● **Given information**
▶

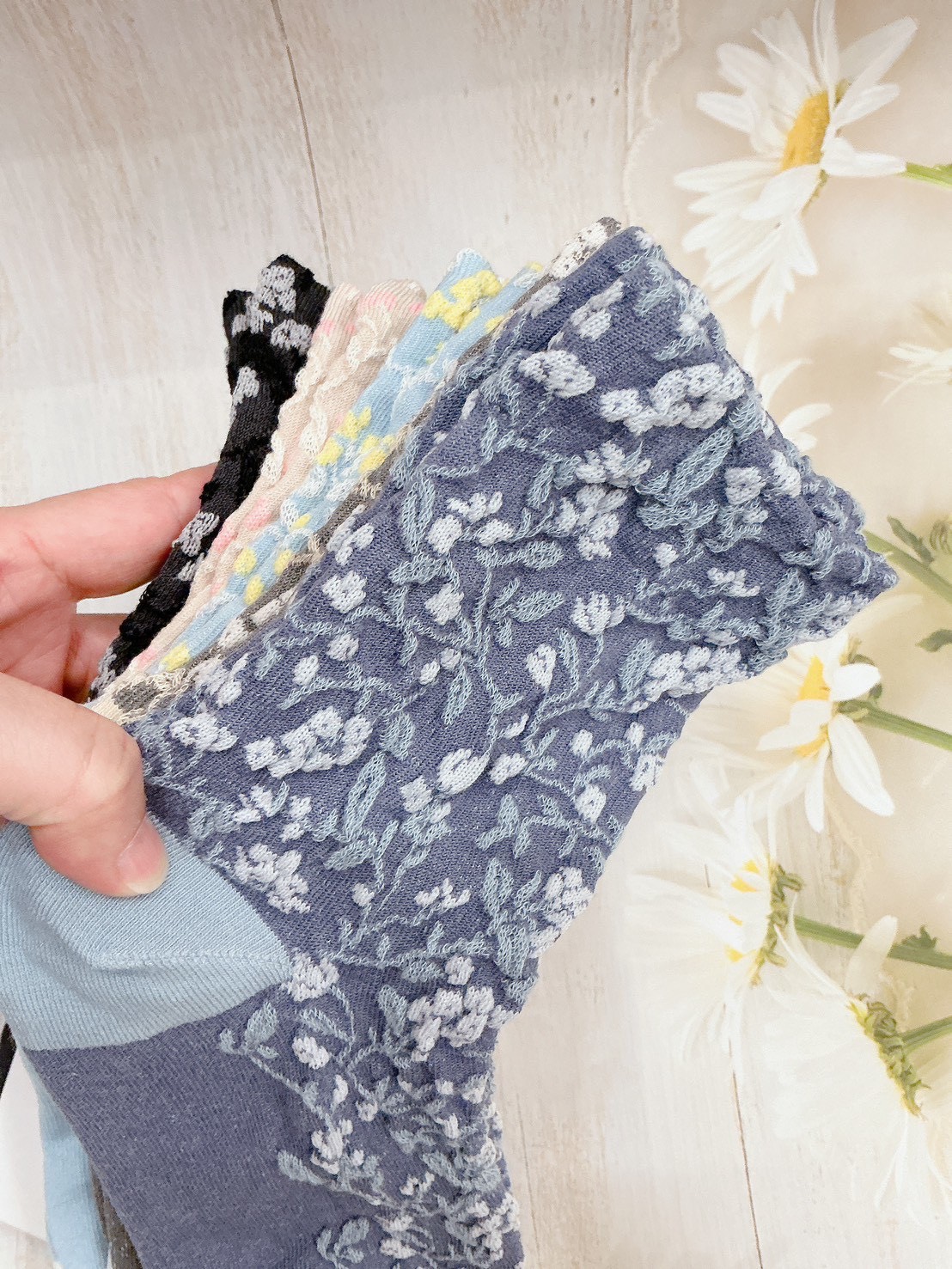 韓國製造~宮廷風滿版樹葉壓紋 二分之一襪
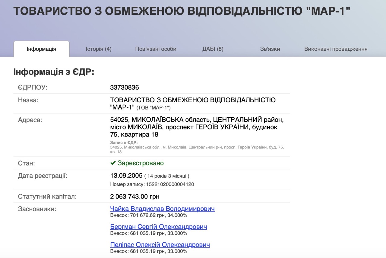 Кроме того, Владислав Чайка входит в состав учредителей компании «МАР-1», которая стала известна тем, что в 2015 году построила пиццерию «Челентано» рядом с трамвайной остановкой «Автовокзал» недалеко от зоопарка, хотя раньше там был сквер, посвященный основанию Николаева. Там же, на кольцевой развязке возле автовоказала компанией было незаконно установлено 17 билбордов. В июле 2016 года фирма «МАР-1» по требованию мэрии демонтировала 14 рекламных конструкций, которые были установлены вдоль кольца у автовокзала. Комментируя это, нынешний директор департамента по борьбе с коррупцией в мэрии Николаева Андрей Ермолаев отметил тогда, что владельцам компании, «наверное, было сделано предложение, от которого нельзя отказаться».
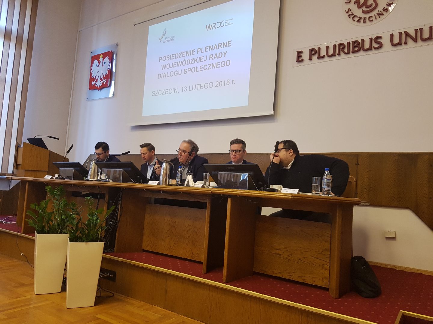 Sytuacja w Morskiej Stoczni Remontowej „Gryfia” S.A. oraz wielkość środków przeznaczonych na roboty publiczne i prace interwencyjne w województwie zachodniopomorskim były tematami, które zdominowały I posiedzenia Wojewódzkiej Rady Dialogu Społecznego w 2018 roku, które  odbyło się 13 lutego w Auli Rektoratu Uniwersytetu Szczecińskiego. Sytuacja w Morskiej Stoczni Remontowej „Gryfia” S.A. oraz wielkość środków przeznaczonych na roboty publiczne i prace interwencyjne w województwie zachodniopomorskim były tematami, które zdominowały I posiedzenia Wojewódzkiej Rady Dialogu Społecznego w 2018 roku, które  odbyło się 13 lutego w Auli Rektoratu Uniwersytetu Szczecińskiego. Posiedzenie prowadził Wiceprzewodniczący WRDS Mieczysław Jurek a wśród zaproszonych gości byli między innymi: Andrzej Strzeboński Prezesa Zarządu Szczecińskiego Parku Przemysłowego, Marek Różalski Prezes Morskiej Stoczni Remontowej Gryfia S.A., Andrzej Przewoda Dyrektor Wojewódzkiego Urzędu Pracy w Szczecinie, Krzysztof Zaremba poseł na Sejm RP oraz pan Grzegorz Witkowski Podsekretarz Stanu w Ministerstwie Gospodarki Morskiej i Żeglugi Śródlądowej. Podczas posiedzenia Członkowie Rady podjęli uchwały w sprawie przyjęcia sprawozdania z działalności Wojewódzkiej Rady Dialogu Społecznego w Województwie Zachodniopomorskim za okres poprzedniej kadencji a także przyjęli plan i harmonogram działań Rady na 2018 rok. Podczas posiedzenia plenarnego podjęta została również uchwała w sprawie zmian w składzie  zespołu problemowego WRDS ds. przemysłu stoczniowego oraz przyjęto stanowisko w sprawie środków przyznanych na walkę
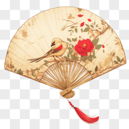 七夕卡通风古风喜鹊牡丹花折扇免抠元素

◀

● **Task item**
Once the pictures are dropped, repeat the data above exactly.

● **Exercise solution**
 韓國製造~宮廷風滿版樹葉壓紋 二分之一襪
 Кроме того, Владислав Чайка входит в состав учредителей компании «МАР-1», которая стала известна тем, что в 2015 году построила пиццерию «Челентано» рядом с трамвайной остановкой «Автовокзал» недалеко от зоопарка, хотя раньше там был сквер, посвященный основанию Николаева. Там же, на кольцевой развязке возле автовоказала компанией было незаконно установлено 17 билбордов. В июле 2016 года фирма «МАР-1» по требованию мэрии демонтировала 14 рекламных конструкций, которые были установлены вдоль кольца у автовокзала. Комментируя это, нынешний директор департамента по борьбе с коррупцией в мэрии Николаева Андрей Ермолаев отметил тогда, что владельцам компании, «наверное, было сделано предложение, от которого нельзя отказаться».
 Sytuacja w Morskiej Stoczni Remontowej „Gryfia” S.A. oraz wielkość środków przeznaczonych na roboty publiczne i prace interwencyjne w województwie zachodniopomorskim były tematami, które zdominowały I posiedzenia Wojewódzkiej Rady Dialogu Społecznego w 2018 roku, które  odbyło się 13 lutego w Auli Rektoratu Uniwersytetu Szczecińskiego. Sytuacja w Morskiej Stoczni Remontowej „Gryfia” S.A. oraz wielkość środków przeznaczonych na roboty publiczne i prace interwencyjne w województwie zachodniopomorskim były tematami, które zdominowały I posiedzenia Wojewódzkiej Rady Dialogu Społecznego w 2018 roku, które  odbyło się 13 lutego w Auli Rektoratu Uniwersytetu Szczecińskiego. Posiedzenie prowadził Wiceprzewodniczący WRDS Mieczysław Jurek a wśród zaproszonych gości byli między innymi: Andrzej Strzeboński Prezesa Zarządu Szczecińskiego Parku Przemysłowego, Marek Różalski Prezes Morskiej Stoczni Remontowej Gryfia S.A., Andrzej Przewoda Dyrektor Wojewódzkiego Urzędu Pracy w Szczecinie, Krzysztof Zaremba poseł na Sejm RP oraz pan Grzegorz Witkowski Podsekretarz Stanu w Ministerstwie Gospodarki Morskiej i Żeglugi Śródlądowej. Podczas posiedzenia Członkowie Rady podjęli uchwały w sprawie przyjęcia sprawozdania z działalności Wojewódzkiej Rady Dialogu Społecznego w Województwie Zachodniopomorskim za okres poprzedniej kadencji a także przyjęli plan i harmonogram działań Rady na 2018 rok. Podczas posiedzenia plenarnego podjęta została również uchwała w sprawie zmian w składzie  zespołu problemowego WRDS ds. przemysłu stoczniowego oraz przyjęto stanowisko w sprawie środków przyznanych na walkę
 七夕卡通风古风喜鹊牡丹花折扇免抠元素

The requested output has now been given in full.